Task details » Among the entries below, only the lines from the one with "๐ 'Empress' Bow" through the one with "SKULL JACQUARD DIAMOND VEST SWEATER VEST" are to be retyped, exactly and without pictures.
:: Dataset entries ::
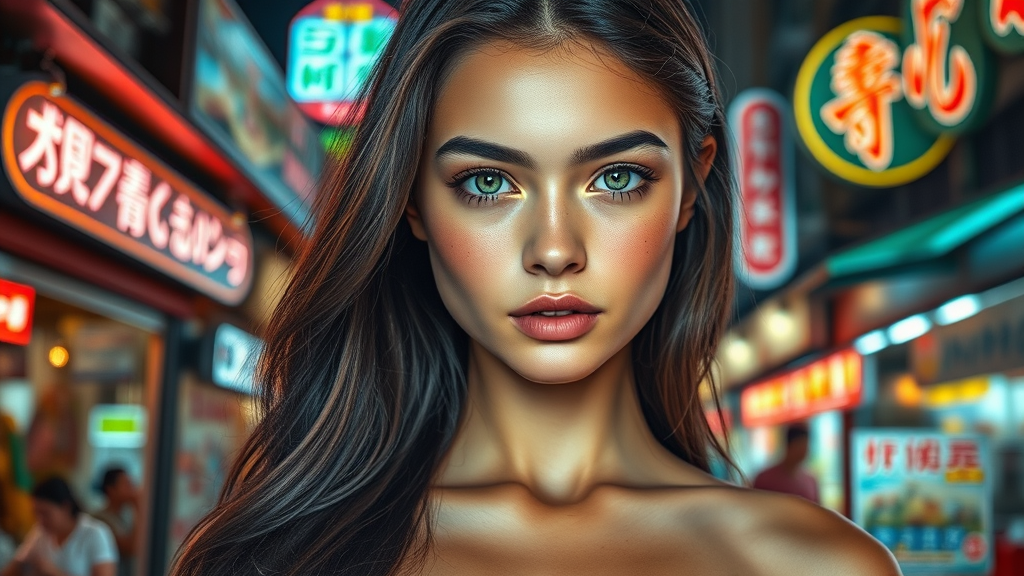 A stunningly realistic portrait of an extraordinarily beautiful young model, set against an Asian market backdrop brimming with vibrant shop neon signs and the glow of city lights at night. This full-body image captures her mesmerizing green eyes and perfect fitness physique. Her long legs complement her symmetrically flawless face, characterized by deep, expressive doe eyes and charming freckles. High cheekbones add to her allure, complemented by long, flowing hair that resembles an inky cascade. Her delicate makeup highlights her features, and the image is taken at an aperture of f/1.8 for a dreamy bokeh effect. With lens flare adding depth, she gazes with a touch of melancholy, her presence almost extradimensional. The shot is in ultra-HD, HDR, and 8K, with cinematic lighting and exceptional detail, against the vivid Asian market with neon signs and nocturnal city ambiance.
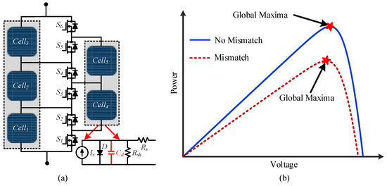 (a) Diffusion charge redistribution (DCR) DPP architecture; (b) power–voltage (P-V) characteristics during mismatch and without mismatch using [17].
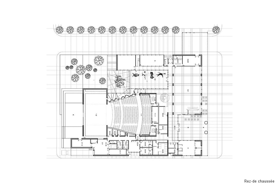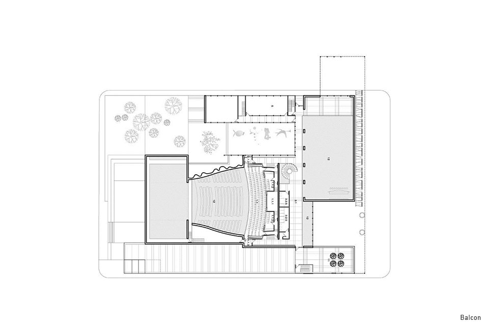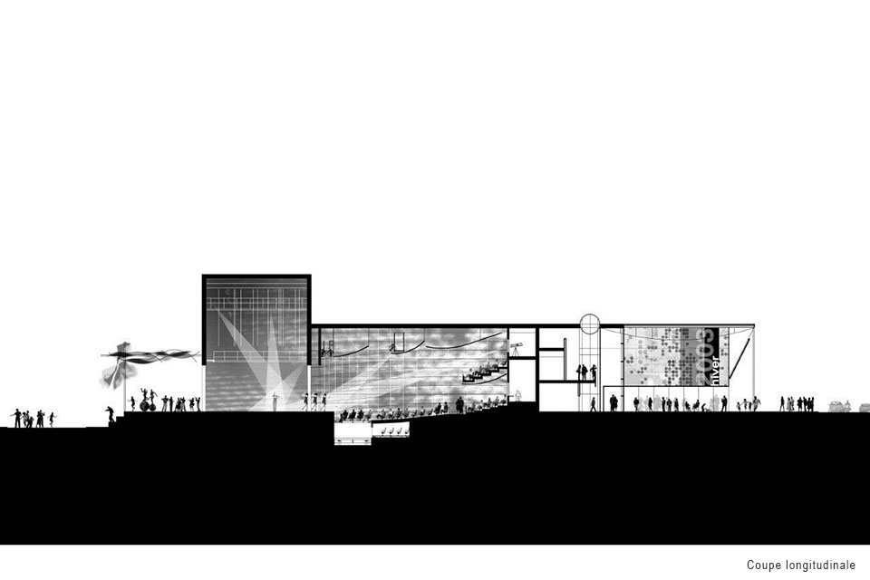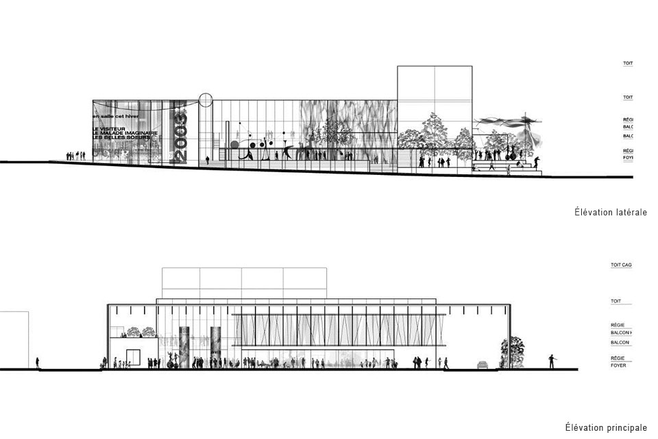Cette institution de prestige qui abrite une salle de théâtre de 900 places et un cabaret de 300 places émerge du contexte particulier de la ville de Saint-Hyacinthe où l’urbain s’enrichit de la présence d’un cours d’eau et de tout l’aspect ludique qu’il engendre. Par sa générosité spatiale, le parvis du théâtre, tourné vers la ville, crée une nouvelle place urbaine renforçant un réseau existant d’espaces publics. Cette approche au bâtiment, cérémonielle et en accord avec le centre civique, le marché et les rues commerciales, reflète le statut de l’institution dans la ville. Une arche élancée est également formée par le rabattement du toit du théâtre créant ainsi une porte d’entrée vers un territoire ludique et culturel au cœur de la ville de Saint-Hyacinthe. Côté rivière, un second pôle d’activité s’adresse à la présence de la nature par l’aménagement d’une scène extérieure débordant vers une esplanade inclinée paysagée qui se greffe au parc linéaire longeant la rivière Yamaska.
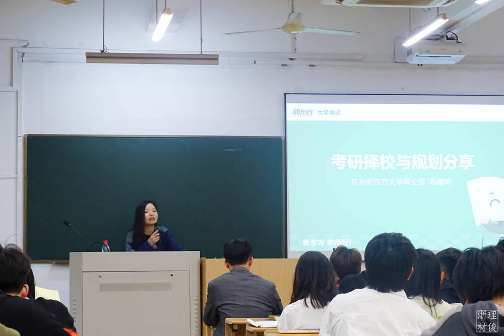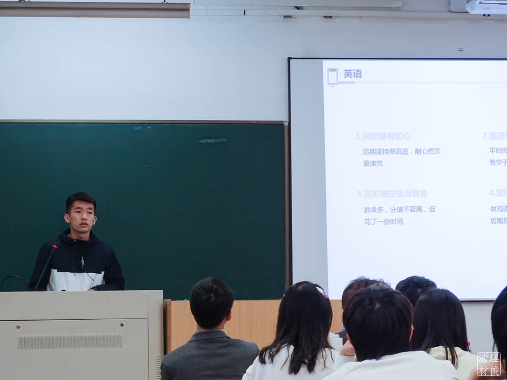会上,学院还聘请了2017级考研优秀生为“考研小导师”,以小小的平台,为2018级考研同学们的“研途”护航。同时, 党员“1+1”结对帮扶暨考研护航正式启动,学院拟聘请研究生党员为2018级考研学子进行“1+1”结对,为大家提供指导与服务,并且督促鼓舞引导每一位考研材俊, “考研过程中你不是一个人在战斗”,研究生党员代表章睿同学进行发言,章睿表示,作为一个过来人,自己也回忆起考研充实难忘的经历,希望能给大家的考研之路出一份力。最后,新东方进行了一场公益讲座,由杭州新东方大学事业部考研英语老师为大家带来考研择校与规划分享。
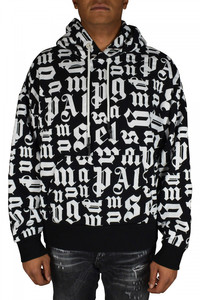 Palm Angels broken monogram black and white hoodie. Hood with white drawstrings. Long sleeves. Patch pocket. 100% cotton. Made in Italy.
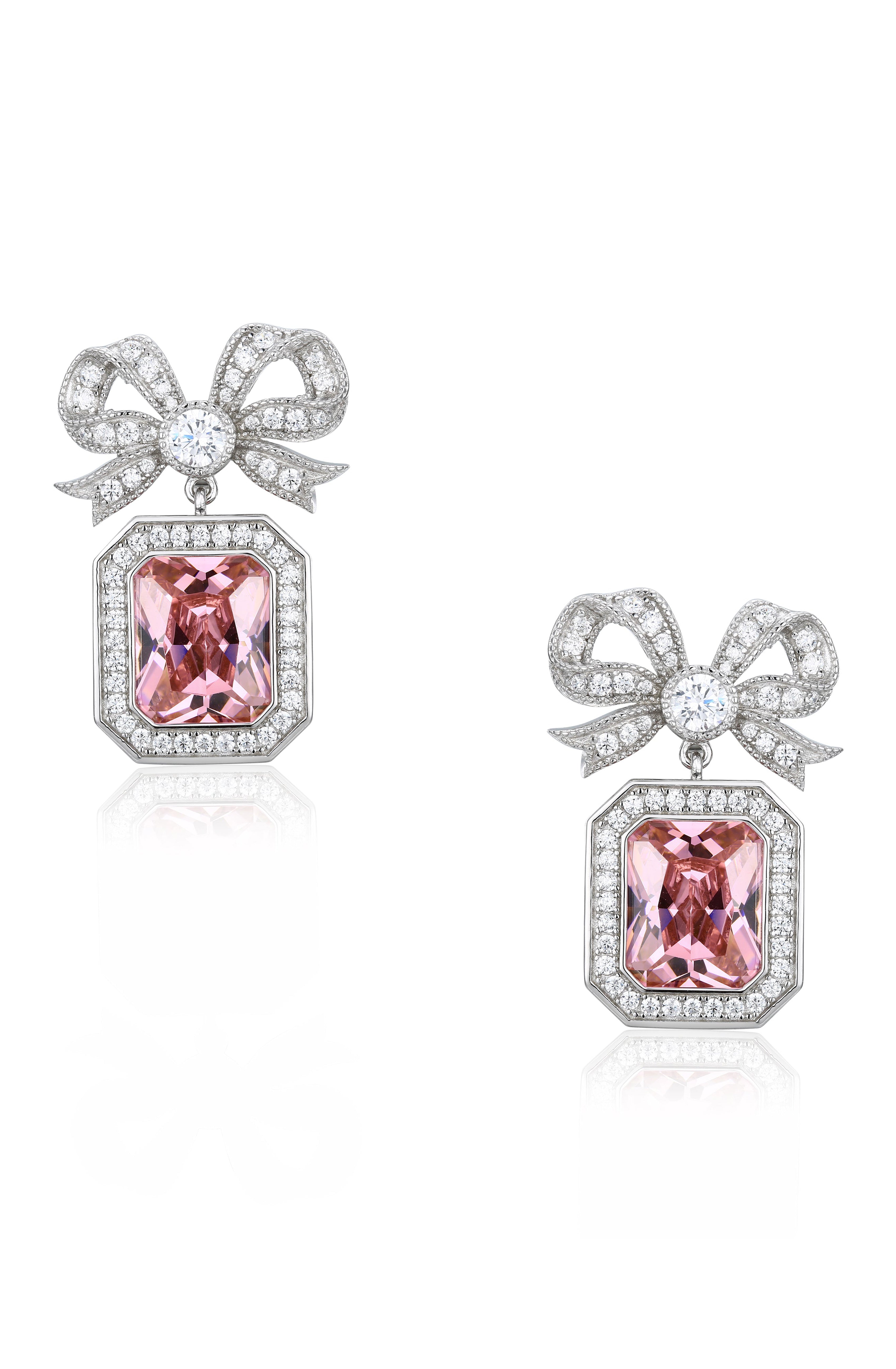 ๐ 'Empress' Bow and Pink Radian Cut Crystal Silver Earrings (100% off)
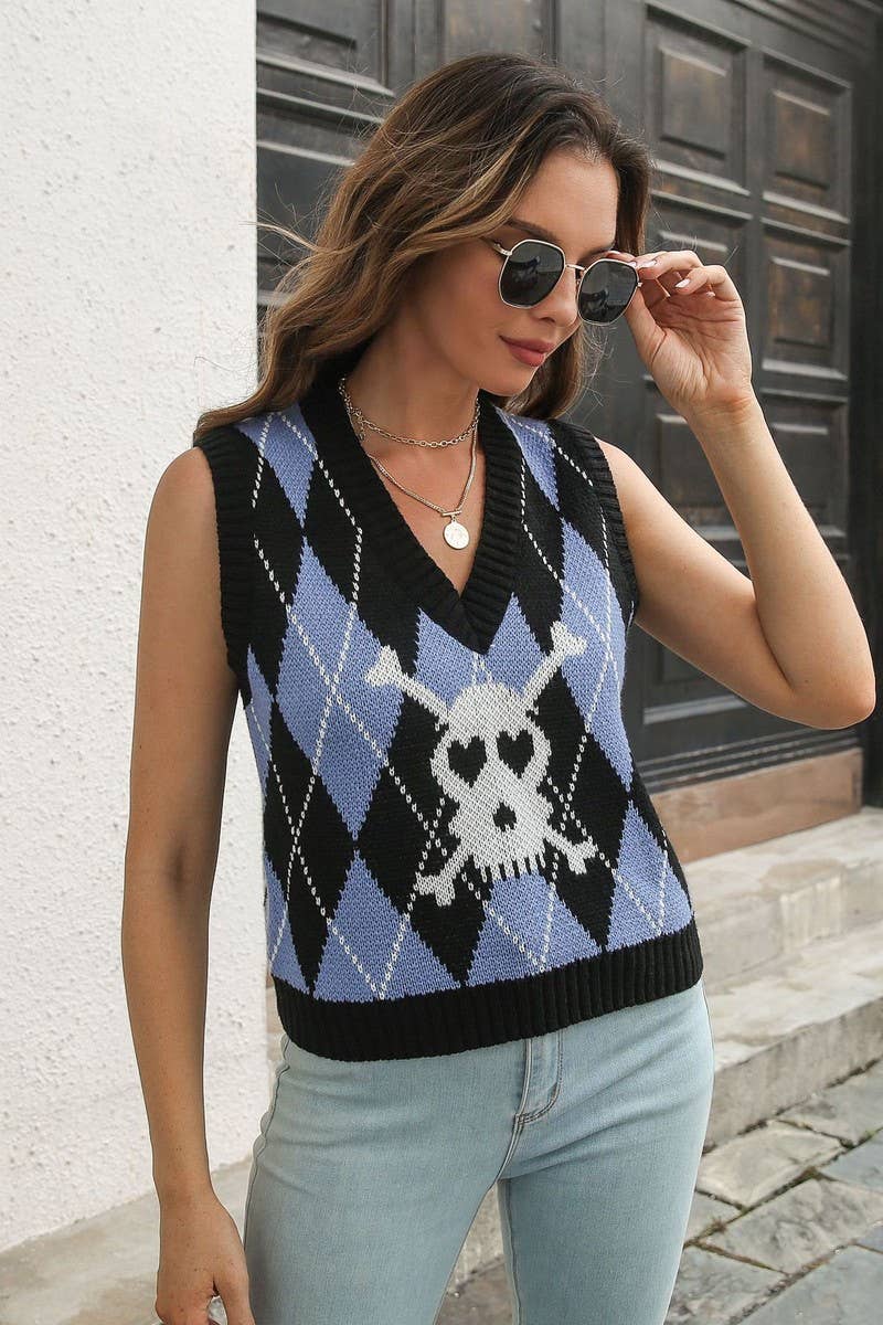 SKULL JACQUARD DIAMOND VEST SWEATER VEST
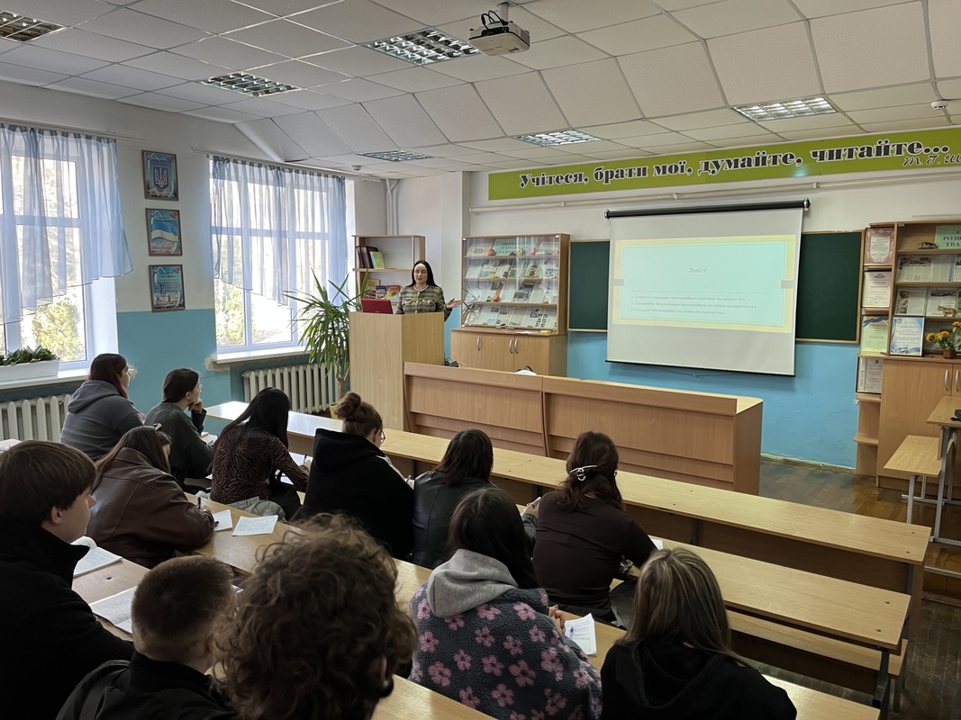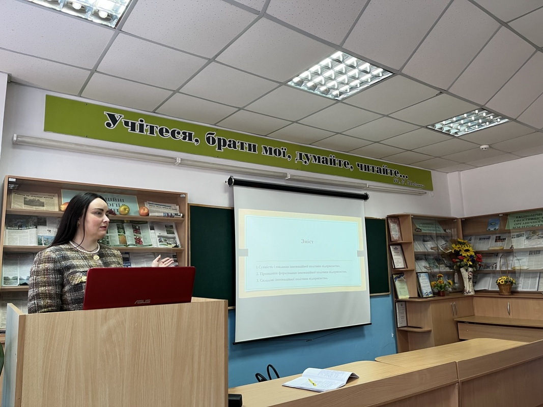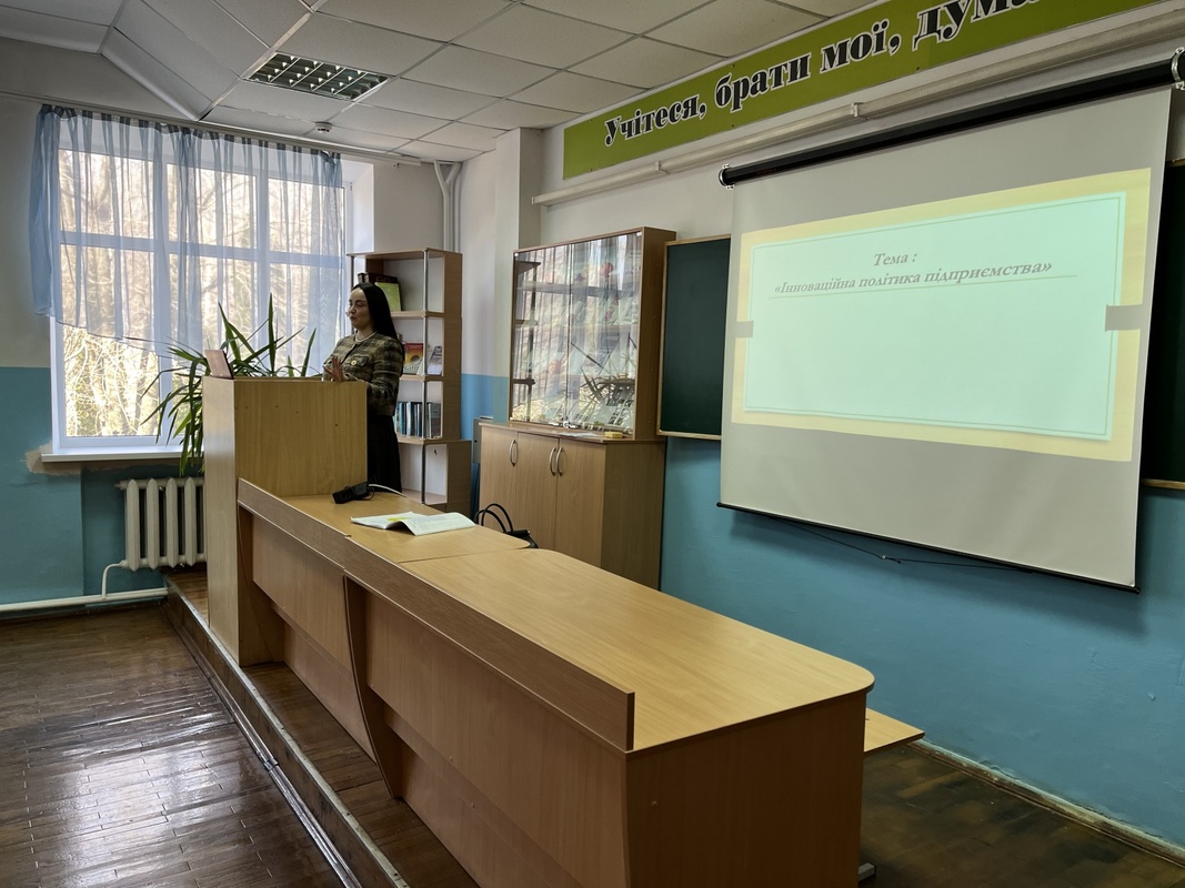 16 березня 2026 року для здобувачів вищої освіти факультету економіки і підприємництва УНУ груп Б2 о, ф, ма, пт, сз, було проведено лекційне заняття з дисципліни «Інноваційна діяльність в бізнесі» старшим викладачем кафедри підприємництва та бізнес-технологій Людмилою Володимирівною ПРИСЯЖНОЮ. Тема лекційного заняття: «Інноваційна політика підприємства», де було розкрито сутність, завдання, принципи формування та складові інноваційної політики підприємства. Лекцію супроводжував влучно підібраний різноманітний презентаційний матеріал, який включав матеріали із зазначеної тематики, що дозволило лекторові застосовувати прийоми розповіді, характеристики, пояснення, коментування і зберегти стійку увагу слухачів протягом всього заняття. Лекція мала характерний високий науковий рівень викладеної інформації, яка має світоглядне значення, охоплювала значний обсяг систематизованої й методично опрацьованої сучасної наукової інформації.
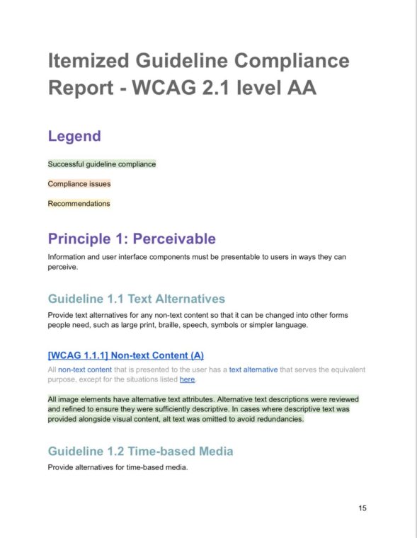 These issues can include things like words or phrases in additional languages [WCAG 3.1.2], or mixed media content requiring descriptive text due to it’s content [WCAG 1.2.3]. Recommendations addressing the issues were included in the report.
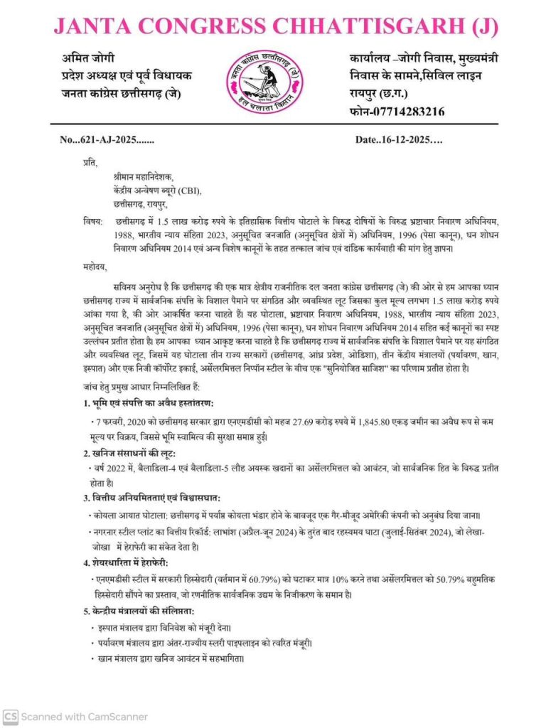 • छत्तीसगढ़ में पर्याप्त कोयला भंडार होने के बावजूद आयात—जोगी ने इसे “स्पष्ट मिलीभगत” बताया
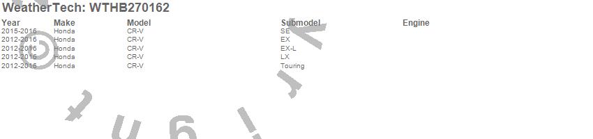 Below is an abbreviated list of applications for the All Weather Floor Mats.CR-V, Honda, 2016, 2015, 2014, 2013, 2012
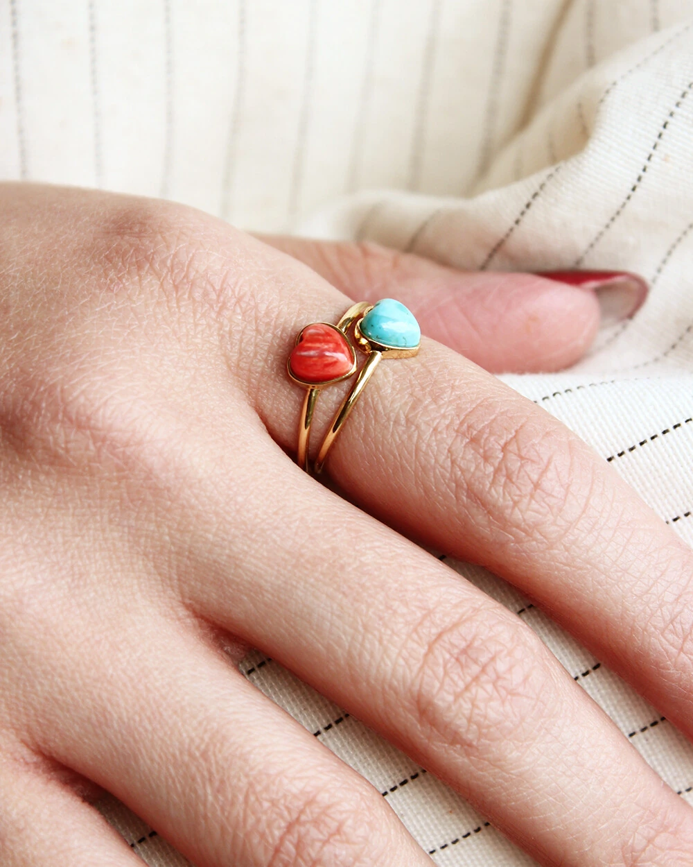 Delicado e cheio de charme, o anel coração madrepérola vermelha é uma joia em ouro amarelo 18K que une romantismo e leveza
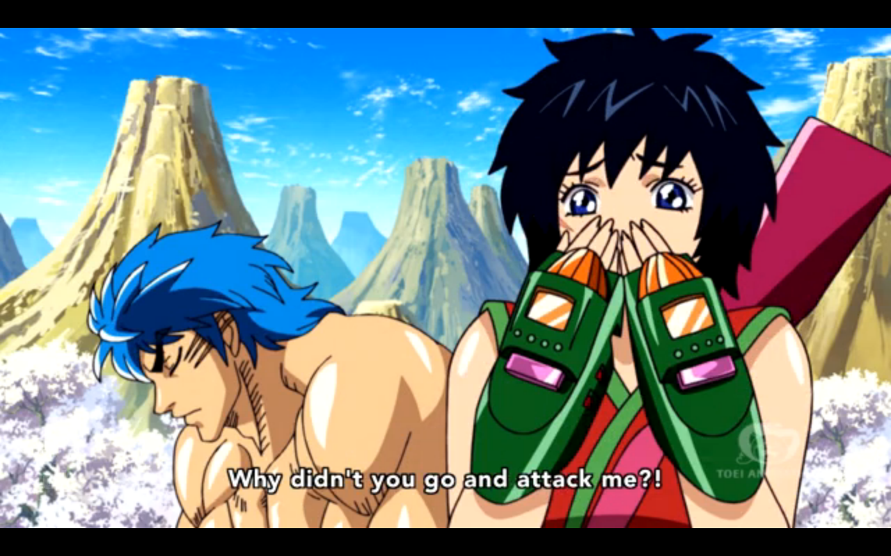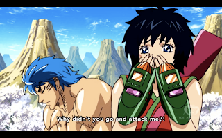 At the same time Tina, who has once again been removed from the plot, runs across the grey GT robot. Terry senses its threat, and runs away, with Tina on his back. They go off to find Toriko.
:::
Answer to this problem »
 ๐ 'Empress' Bow and Pink Radian Cut Crystal Silver Earrings (100% off)
 SKULL JACQUARD DIAMOND VEST SWEATER VEST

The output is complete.